Task statement
Repeat the data exactly as given below, dropping every picture.

Data extract
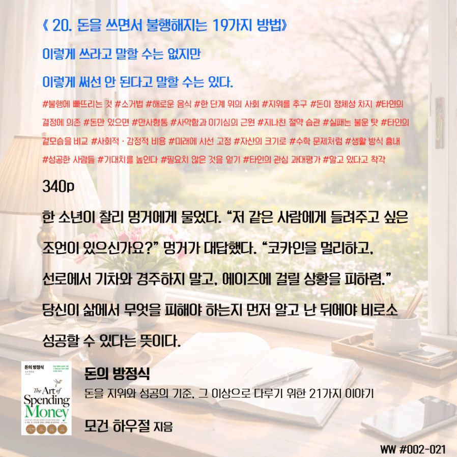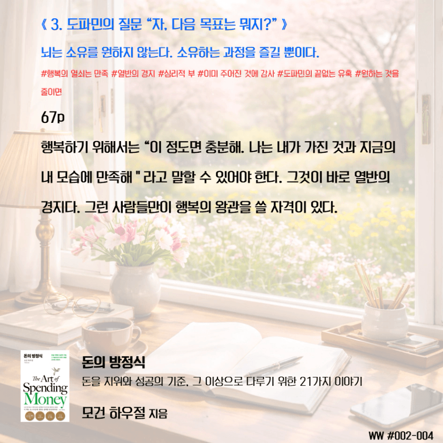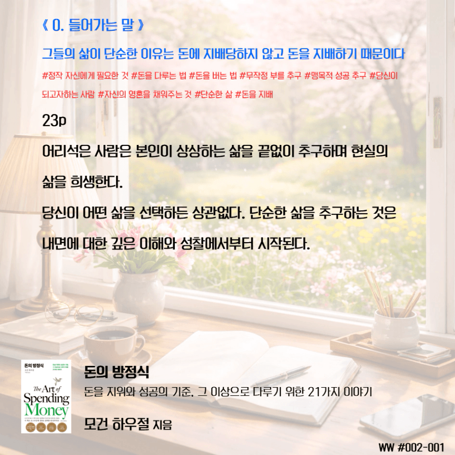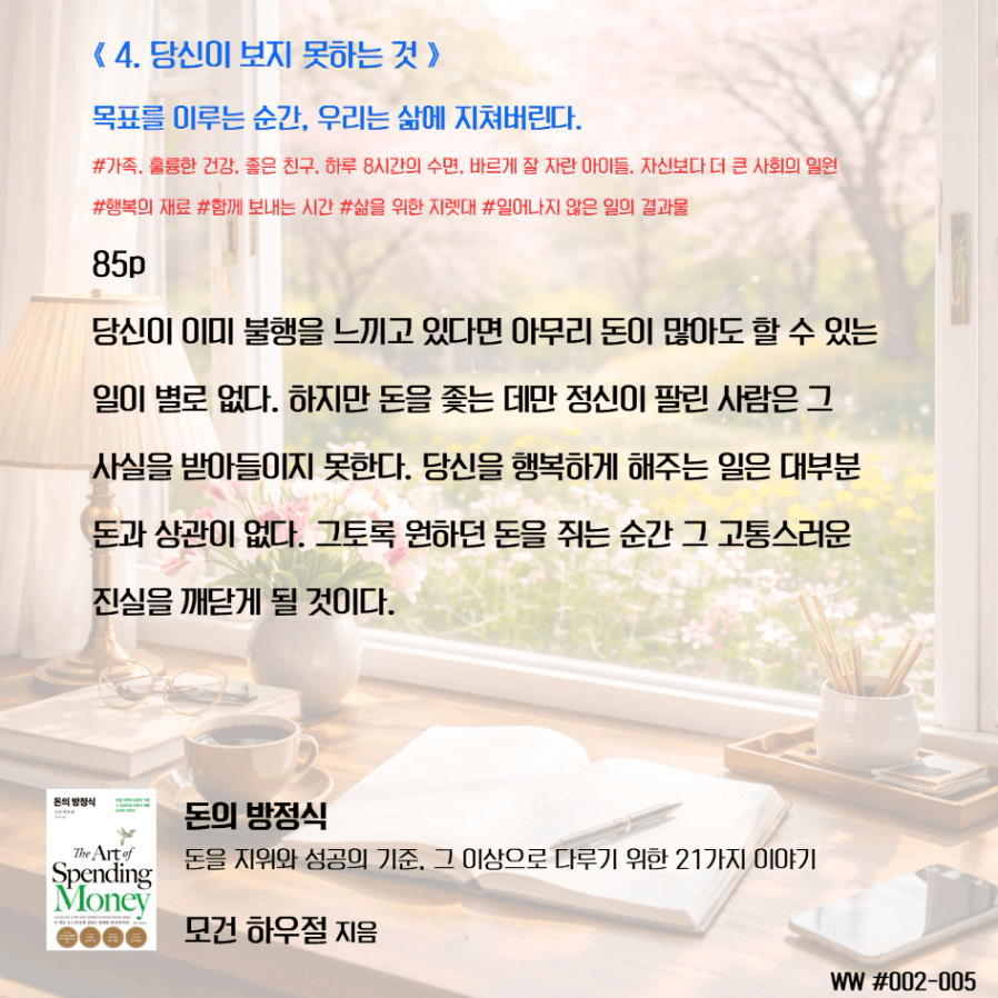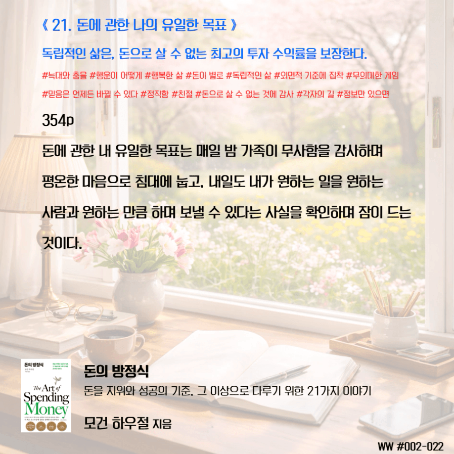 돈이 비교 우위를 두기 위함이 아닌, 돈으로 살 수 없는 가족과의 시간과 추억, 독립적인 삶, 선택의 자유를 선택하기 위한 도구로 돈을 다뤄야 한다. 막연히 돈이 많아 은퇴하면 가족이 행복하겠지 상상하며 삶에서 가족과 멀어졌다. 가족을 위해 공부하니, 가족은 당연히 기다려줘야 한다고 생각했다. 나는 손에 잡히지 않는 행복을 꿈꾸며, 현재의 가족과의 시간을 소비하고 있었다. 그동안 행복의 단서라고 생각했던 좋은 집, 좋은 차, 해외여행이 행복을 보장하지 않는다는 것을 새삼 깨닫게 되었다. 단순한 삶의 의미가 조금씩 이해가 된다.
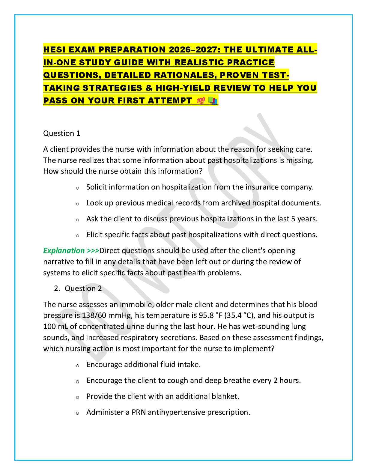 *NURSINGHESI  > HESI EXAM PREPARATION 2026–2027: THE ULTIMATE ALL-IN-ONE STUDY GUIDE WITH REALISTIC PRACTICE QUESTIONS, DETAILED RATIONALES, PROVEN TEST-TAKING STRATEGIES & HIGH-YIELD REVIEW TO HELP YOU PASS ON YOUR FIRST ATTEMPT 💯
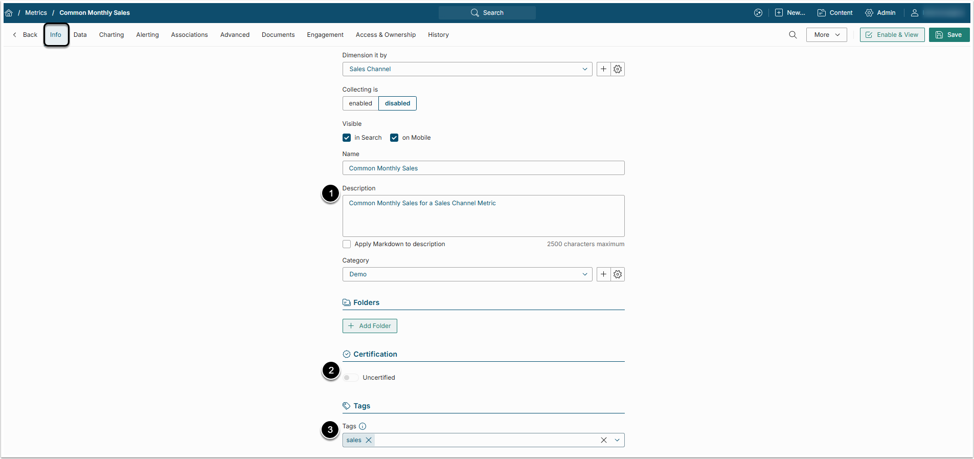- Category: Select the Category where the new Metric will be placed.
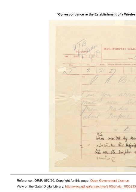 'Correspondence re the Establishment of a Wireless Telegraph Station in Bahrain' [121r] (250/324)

Task output
 돈이 비교 우위를 두기 위함이 아닌, 돈으로 살 수 없는 가족과의 시간과 추억, 독립적인 삶, 선택의 자유를 선택하기 위한 도구로 돈을 다뤄야 한다. 막연히 돈이 많아 은퇴하면 가족이 행복하겠지 상상하며 삶에서 가족과 멀어졌다. 가족을 위해 공부하니, 가족은 당연히 기다려줘야 한다고 생각했다. 나는 손에 잡히지 않는 행복을 꿈꾸며, 현재의 가족과의 시간을 소비하고 있었다. 그동안 행복의 단서라고 생각했던 좋은 집, 좋은 차, 해외여행이 행복을 보장하지 않는다는 것을 새삼 깨닫게 되었다. 단순한 삶의 의미가 조금씩 이해가 된다.
 *NURSINGHESI  > HESI EXAM PREPARATION 2026–2027: THE ULTIMATE ALL-IN-ONE STUDY GUIDE WITH REALISTIC PRACTICE QUESTIONS, DETAILED RATIONALES, PROVEN TEST-TAKING STRATEGIES & HIGH-YIELD REVIEW TO HELP YOU PASS ON YOUR FIRST ATTEMPT 💯
- Category: Select the Category where the new Metric will be placed.
 'Correspondence re the Establishment of a Wireless Telegraph Station in Bahrain' [121r] (250/324)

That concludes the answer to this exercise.